Easily influenced – Week nine as a PhD student

This was written well over three months ago, and I remember the next morning after writing this and thinking, that I would never publish this as it is quite weird. I think it is essential to show the process of improvement so it will be posted.

Week 9. I mentioned last week that I had a lab meeting this week, surprisingly, It went very well. To explain why I have to take you back to my first year at university. During the 1st summer holiday, I spent my time working as a paid intern at an olive factory. It was closer to my parents home than it was to my home, so during the week I would stay with my parents, and travel home on the weekend. I got bored almost instantly and the fact that I had stopped learning was grinding on me; I decided I should learn a language (One of my friend’s brother learnt mandarin and now is earning a wedge in China). I’m sure, that most people reading this are native English speakers. My thinking was to choose a language by-the-numbers, so Spanish or Chinese. However, I didn’t really want to learn either. Another one of my friends was studying computer science; I ended up choosing to learn a programming language instead. I must skip forward to the present day, as the nostalgia is leading me to become a tourist in my own youth (Sickboy). I am leaving the realms of beginner python programmer and am now touching the bottom of the boot of an intermediate programmer. I have previously mentioned that I have been working with ImageJ to analyse the colour of decaying plant tissue. I showed the group what I had been doing and got a fantastic reception. Now I am mid-development on my own program; it will do what I was doing in ImageJ but in an automated fashion. When I have finished writing this program, I will have something I can use throughout the rest of my PhD which should make things easier in the long-run.
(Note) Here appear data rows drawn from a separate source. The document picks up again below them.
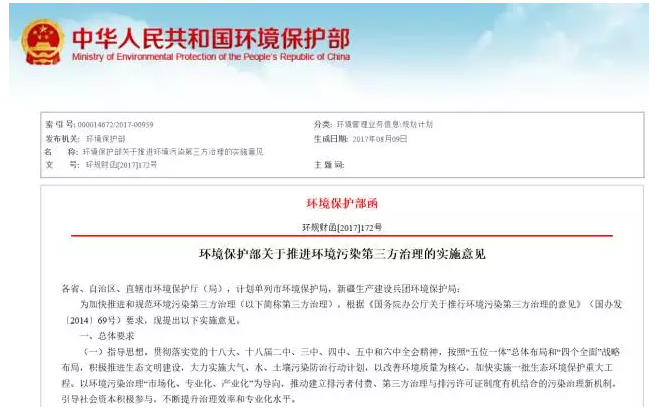環(huán)境保護(hù)部關(guān)于推進(jìn)環(huán)境污染第三方治理的實(shí)施意見
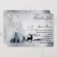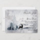 A wedding invitation with a watercolor image featuring a black silhouette reindeer standing among some pine trees. Grey black and white neutral colour scheme.
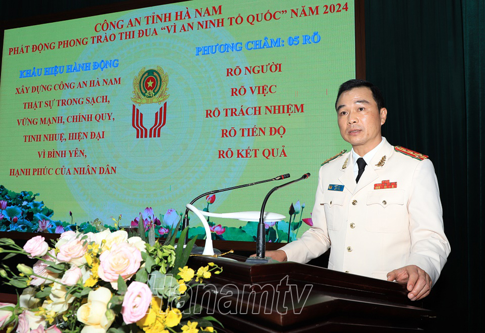 Đại tá Tô Anh Dũng,Ủy viên BTV Đảng ủy, Bí thư Đảng ủy, Giám đốc Công an tỉnh phát động phong trào thi đua "Vì an ninh Tổ quốc" năm 2024
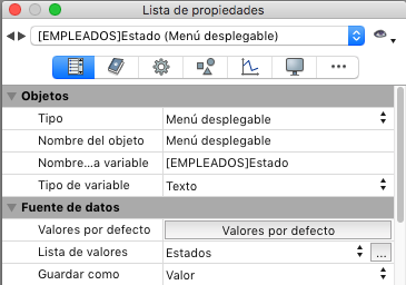 Para asociar un menú pop-up/lista desplegable o un combo box a un campo o variable, sólo introduzca directamente el nombre del campo o de la variable en el área Nombre de la variable del objeto:
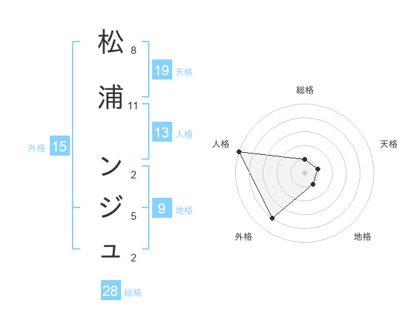 松浦 ンジュさんの総格は28画の1点!
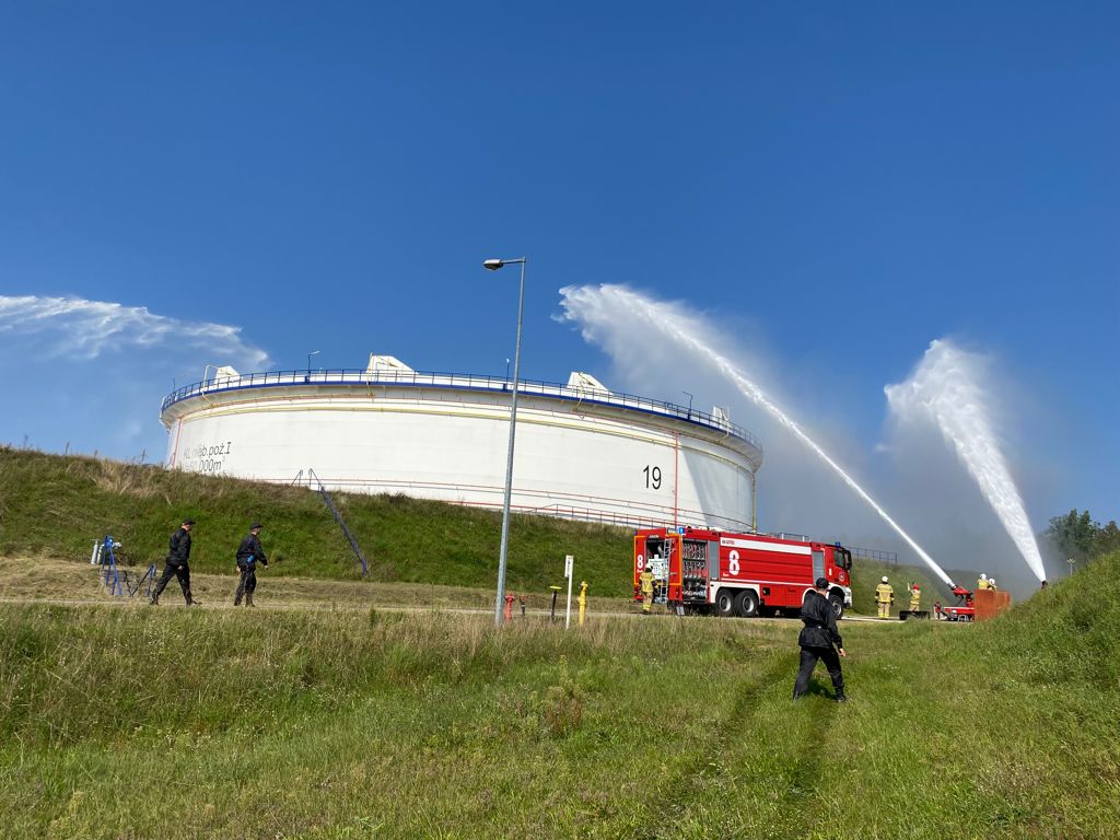 Ponad 32 strażaków oraz10 pojazdów gaśniczych - brało udział w ćwiczeniach na terenie Bazy Magazynowej PERN w Adamowie, które odbyły się 9 września 2021 roku. Symulowana sytuacja zakłada pożar zbiornika z ropą naftową o pojemności 50 tys. m3.
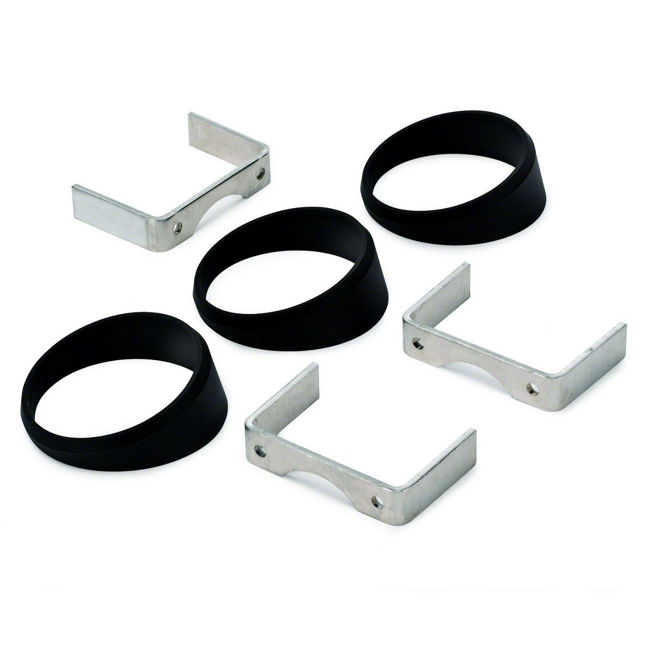 Includes three black composite angle rings and matching aluminum mounting brackets.
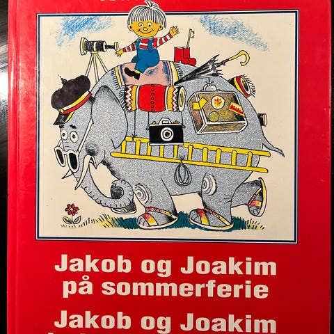 Jakob og Joakim holder fødselsdag. Af Jørgen Clevin. Hardback. Billedbog i stort format. Farveillustrationer. Gyldendal, 1976. Pænt eksemplar
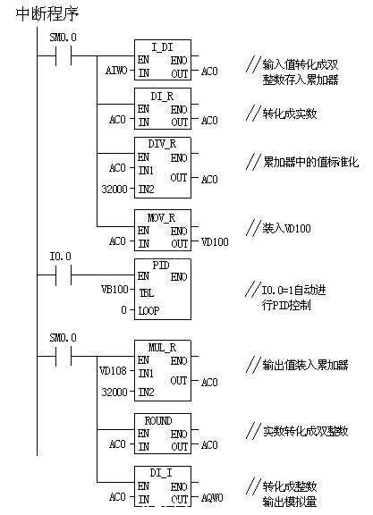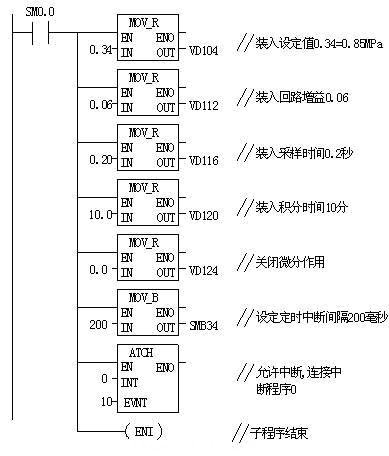 過程變量值是壓力變送器檢測(cè)的單極性模擬量,回路輸出值也是一個(gè)單極性模擬量用來控制鼓風(fēng)機(jī)的速度。這兩個(gè)模擬量的范圍是 0.0 -1.0 ,分辨率為1/32000 (標(biāo)準(zhǔn)化)??梢猿醪酱_定Kc=0.06,Ts=0.2,Ti=10.0,在這里不用微分作用,程序編輯如下圖。
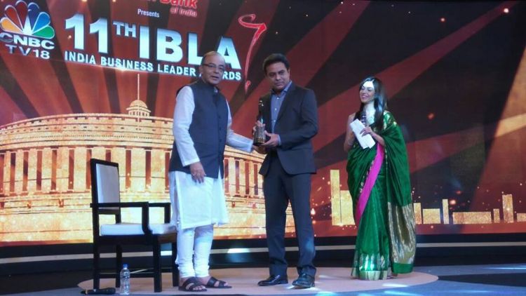 Telangana IT Minister K.T Rama Rao, on behalf of the government of Telangana received the 'Most Promising State of the Year' award by CNBC-TV18 as part of the India Business Leader Awards, from Union Minister Arun Jaitley on Tuesday.
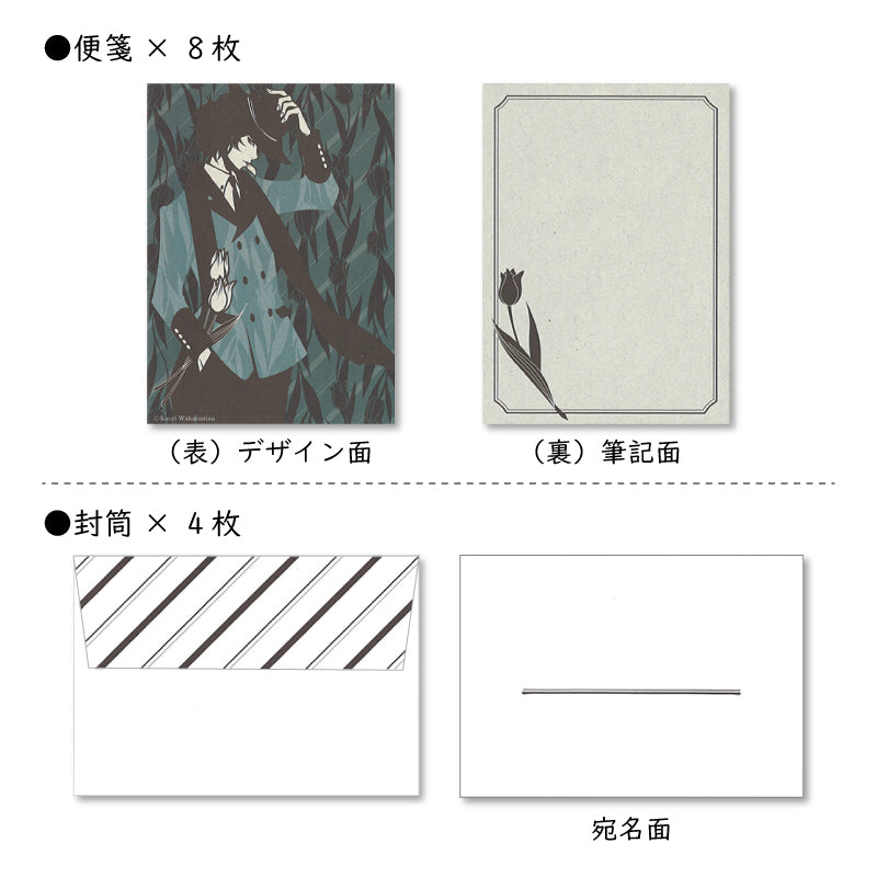 ミニレターセット ワカマツカオリ「男性とチューリップ ブラック」作家 手紙 便箋 封筒 男の子 ボーイ スーツ 花 植物

In other news, I finally finished ‘Look Homeward, Angel’ by Tom Wolfe. I did not enjoy reading the book therefore, I will be switching back to non-fiction. With Christmas approaching I am feeling a strong bout of niggardliness coming on (if you have read the book you won’t be surprised by that word) I sensed this would be an issue now that I am more fiscally aware. I will just have to try and re-program my brain, a seasonal patch back to Self 0.5 when consumption was the well-placed hit that kept me on the ride. This week has been one of the better ones, but if you forced me I could not pin down exactly why that is, my guess would be a sense of progress. I earned £5 this week for being a participant in a psychology experiment; the true meaning of the study has eluded me, but the task was related to finding smiling faces among other facial expressions and then hitting the appropriate button upon seeing a smiling face. Half an hour of being a lab rat; £5 tacked on to my net-worth, I’ll take that over a real job all day long.

Next week presents us with a plethora of Christmas parties, my first exposure to partying with academics, into the fray we go! I am also going back to the lab to correct some of the work that was brought up in the lab meeting; the meeting was very productive. Another reason for getting back into the lab is that I am tired of staring at my computer screen. I’m running out of steam for this week’s post and am trying to wrap up. Choose a blog. Choose an error. Choose to work 9-5 as anonymous desk flesh because you’re too scared to do anything else. Choose to be like everyone else. Choose a mortgage. Choose a cat or dog, or both. Choose consumerism and a life filled with debt. Choose to read something else, by someone who can actually write. Don’t choose anything; rise with the tide and have your life be dictated by circumstance, there are no right answers.

P.S. I wasn’t high while writing this: I watched Transpotting2 last night.